The motion to protect the future of acupuncture provision was passed unanimously. Photo: Guzelian

Lesley Pattendon, vice chair of the Acupuncture Association of Chartered Physiotherapists (AACP), said she was a passionate advocate of the approach, having been teaching the topic to students for five years and using it as a treatment for 15.

But she stressed the importance of being ‘savvy’ with commissioners and medical colleagues when promoting its use. Rather than talking about its Chinese roots and its association with the concepts of Yin and Yang, its benefits should be reframed in terms such as the ‘drug-free manipulation of the autonomic nervous system’.

Michelle Slack, an East Midlands steward, said that patients found it helpful and that its use in treating non-specific back pain had been endorsed by NICE.  Despite this, one primary care trust (PCT) had made savings of £1m by deciding that acupuncture would no longer be made available to patients.

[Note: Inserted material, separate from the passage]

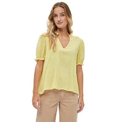 Desires Women's Cabena Short Sleeve V Neck Blouse, 6107 Canary Yellow, XS
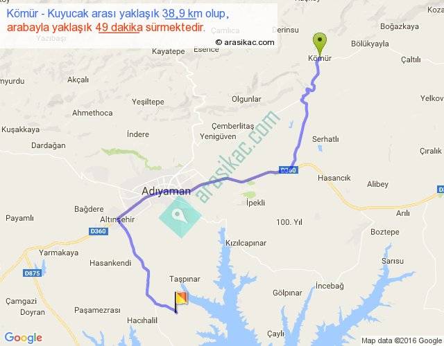 Kömür - Kuyucak arası yaklaşık olarak 90 km/h ile yukarıda belirtilen sürede olup, iki yerin kuş uçuşu uzaklığı (mesafesi) 25'dir. Yolculuk otobüsle 1 saat 3 dakika sürmektedir.

A ‘gloomy future’ beckoned if others followed suit, with other treatment modalities such as hydrotherapy also potentially under threat. Her stance was supported by Vivienne Dascanio, AACP chair, who said there were four million acupuncture treatments annually in the UK.

A contrary view was expressed by Matthew Wyatt, who said the evidence-base showed that acupuncture did not work and that it was ‘without doubt a placebo’.

The motion, which called on the CSP to attempt to protect the future of acupuncture provision and to ‘promote the value of physiotherapy interventions at all levels’ was passed unanimously.